China media: Anti-bribery measures

Tiananmen Square in Beijing The Chinese government wants officials to stop spending money on expensive dining and leisure

Media discuss the Communist Party's anti-bribery measures, an ideological purge on young teachers and etiquette rules for tourists.

The Beijing News and other media give prominent coverage to the ruling Communist Party's internal watchdog, the Central Commission for Discipline Inspection (CCDI), issuing orders for disciplinary and supervisory officials to ditch prepaid membership cards of expensive clubs before 20 June.

In Global Times, Gao Bo, a researcher at the Chinese Academy of Social Sciences, a government think-tank, says prepaid membership cards for dining, fitness, beauty, leisure and shopping have made officials vulnerable to "hedonism and extravagance" and spread corruption.

China Youth Daily welcomes the move but points out that public mistrust will linger as long as the party insists on "self-purification" and does not open itself to independent supervision.

Hong Kong's Oriental Daily News is even less hopeful and points out that it is already an "open secret" in China that the Central Commission for Discipline Inspection is an "interest group" of officials accumulating wealth through corruption.

Many news portals are also carrying an apology by Hong Kong-based satellite broadcaster Phoenix TV retracting a "false and untrue" report on plans by the CCDI to warn officials that their promotions will be affected if their children do not return to China less than a year after their graduation from foreign schools.

'Ideological supervision'

Xinhua reports that the ruling Communist Party is waging a new ideological rectification campaign that targets young college teachers under the age of 40.

State media today have made public a policy document of "16 opinions" released by the party and the Education Ministry on 4 May calling on colleges to step up ideological supervision on young teachers to prevent them from imparting information to students that could "harm national interests".

Hong Kong's Ming Pao says mainland academics have linked the new drive to an earlier officially unconfirmed rectification campaign known as the "seven taboos".

The drive reportedly bans university courses from raising issues such as media freedom, an independent judiciary, the party's past mistakes and the nouveau riche class.

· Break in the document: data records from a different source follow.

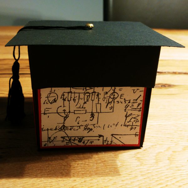 Meine Explosionsboxen haben meist das Maß 10 x 10 x 10cm. Sowohl die Innen- als auch die Außenseiten werden verziert. Am Anfang steht das Aussuchen des Papiers, das mich immer am meisten Schweiß kostet. Dann das Dekorieren der Seitenwände und die Überlegung, was auf den Deckel soll. Insgesamt sitze ich ca. 3 Stunden an einer Box, manchmal bis zu 5 Stunden, wenn ein Auto, ein Koffer oder eine kleine Torte gebastelt werden soll oder etwas ähnlich Aufwändiges…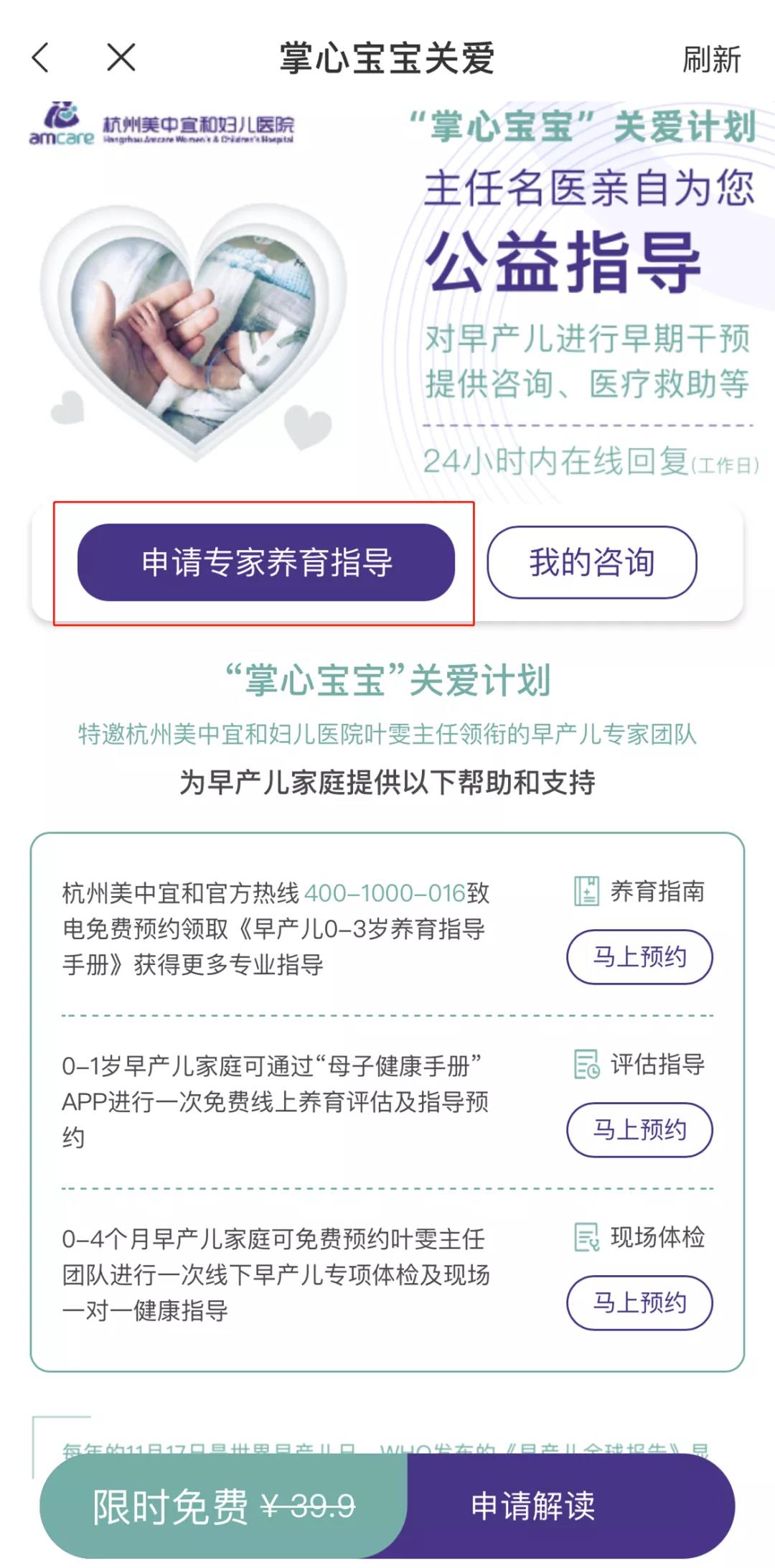 為了更好地幫助更多早產兒寶寶健康成長,杭州美中宜和婦兒醫院與浙江婦女兒童基金會聯合發起掌心寶寶關愛計劃,并邀請葉雯主任帶領的兒科團隊為早產兒家庭提供以下公益醫療支持和幫助: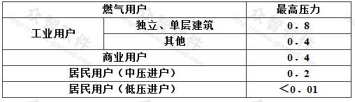 10.2.2燃?xì)夤?yīng)壓力應(yīng)根據(jù)用戶(hù)設(shè)備燃燒器的額定壓力及其允許的壓力波動(dòng)范圍確定。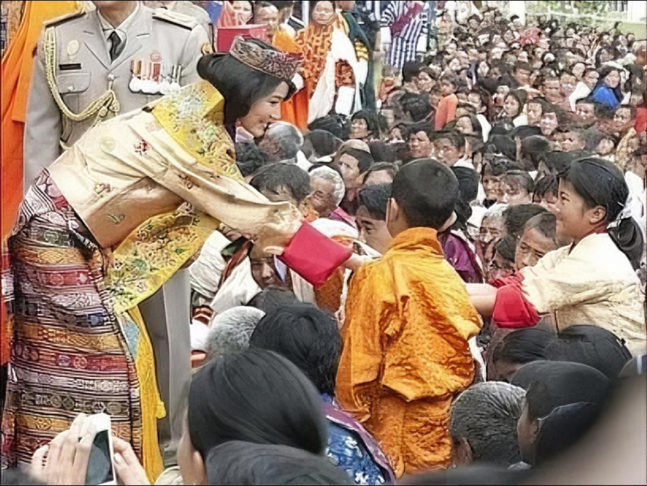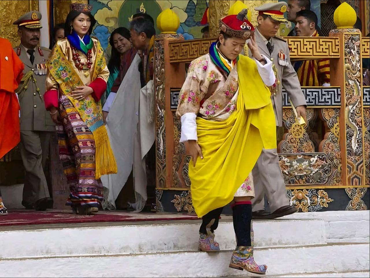 不丹帝后结婚14周年,佩玛21岁就当了王后 佩玛王后大婚时,身着传统服饰、头戴王

Zhang Xuezhong, a lecturer at Shanghai's East China University of Politics and Law, tells Hong Kong's Ming Pao that the party is targeting younger teachers because they are closer in age and thinking to students.

Cai Zhiqiang, a Communist Party school professor, tells Global Times that some young teachers have acted indifferently and have even resisted political education.

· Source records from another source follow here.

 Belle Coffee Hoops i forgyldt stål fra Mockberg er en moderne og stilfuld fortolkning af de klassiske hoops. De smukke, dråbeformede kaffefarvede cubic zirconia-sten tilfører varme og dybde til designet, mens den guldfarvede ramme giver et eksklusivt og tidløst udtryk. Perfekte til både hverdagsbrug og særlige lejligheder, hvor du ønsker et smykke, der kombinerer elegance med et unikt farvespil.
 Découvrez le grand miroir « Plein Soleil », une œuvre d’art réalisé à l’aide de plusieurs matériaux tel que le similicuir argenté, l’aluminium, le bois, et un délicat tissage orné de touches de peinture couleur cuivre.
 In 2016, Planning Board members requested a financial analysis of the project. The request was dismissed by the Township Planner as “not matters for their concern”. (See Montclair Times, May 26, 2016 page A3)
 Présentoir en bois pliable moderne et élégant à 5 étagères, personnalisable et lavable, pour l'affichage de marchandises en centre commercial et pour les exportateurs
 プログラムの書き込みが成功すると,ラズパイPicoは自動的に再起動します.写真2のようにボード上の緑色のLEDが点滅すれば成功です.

"Needless to say, Western values have been spreading quite actively in some universities over the years, so reversing this situation has important significance for the whole country's ideology as well as improving the state of public opinion," Global Times says.

Beijing-based commentator Zhang Lifan tells South China Morning Post that the new leaders are realising there is an "unprecedented political crisis" with the "young generation being the most powerful threat that could topple the communist regime".

Tourist etiquette

Global Times and other state media are calling for better civic education after tourism authorities hastily issued a detailed reminder on "civilised behaviour" yesterday for Chinese citizens while travelling abroad.

The Beijing News says the reminder urges tourists to refrain from spitting, littering, noisiness, queue-jumping, harming the environment or wild animals and grabbing too much food at the buffet table. There are even orders to avoid drugs, gambling, pornography and "feudal superstitions".

The reminder comes amid a public uproar over a teenager from Nanjing who scratched "Ding Jinhao was here" in Chinese characters on a 3,500-year-old clay wall at the Temple of Luxor in Egypt. An outraged Chinese tourist posted a photo of it online.

Egyptian tourism officials tell Global Times the damage has been fixed and the incident has not attracted a backlash against Chinese tourists as acts of vandalism are commonplace among foreign tourists.

"Some angry netizens even tracked down Ding, a high school student in Nanjing, Jiangsu province, and hacked the website of his former primary school, altering the site with the message 'Ding Jinhao visited here'," notes China Daily.

Meanwhile, Southern Metropolis Daily, The Beijing News and other media have rebuked police in Kele, Guizhou, for not apologising sooner for handcuffing a 13-year-old girl whom they believed to be an adult last month.

The township secretary and chief of police were suspended after a microblog post surfaced showing the girl being paraded on the streets for "accidentally spilling water on a township government vehicle".

Another story that has triggered an outcry in the mainland media is the case of a migrant worker who had to bargain local fishermen from 12,000 yuan ($1,957; £1,300) down to 3,000 yuan to get them to salvage the bodies of his brother and his brother's girlfriend who drowned in a river in Wenling, Zhejiang, on Saturday night.

A China Youth Daily commentary says the fishermen cannot be blamed for trying to earn a living and calls on authorities to set up adequate rescue services.